[What you should do]:
Report back every line below that carries the word "plate".

[Source records]:
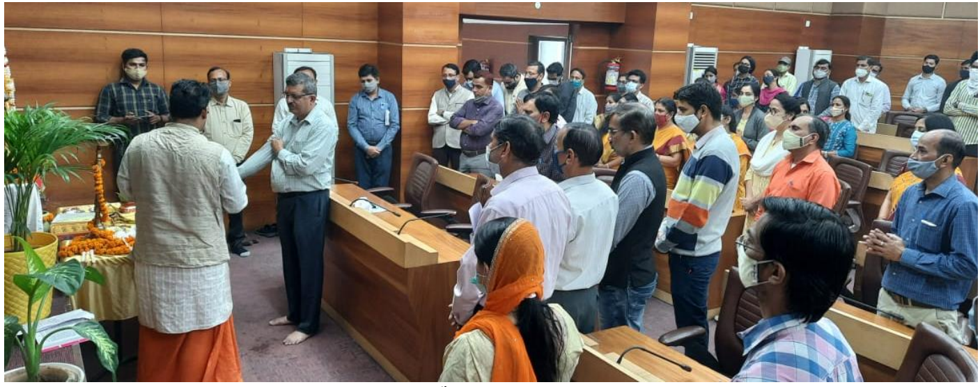
Glimpse of Dhanvantari Pujan on the occasion of 6<sup>th</sup>Ayurveda Day celebration at CCRAS Headquarters, New Delhi

Council observed 6<sup>th</sup> Ayurveda Day on the occasion of Dhanwantari Jayanti on 2<sup>nd</sup> November, 2021 with the theme 'Ayurveda for Poshan'. Various activities were organized to mark the occasion at Council's Headquarters, New Delhi and its peripheral institutes all over India. Glimpses of some of the activities are:
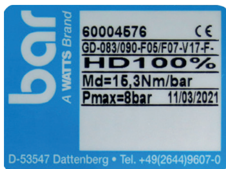
Name plate GD/GS

The name plate is fixed on the pneumatic actuator.
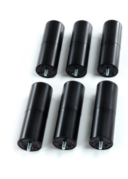
OP051 Screw-In Feet x6

[Solution to the exercise]:
Name plate GD/GS
The name plate is fixed on the pneumatic actuator.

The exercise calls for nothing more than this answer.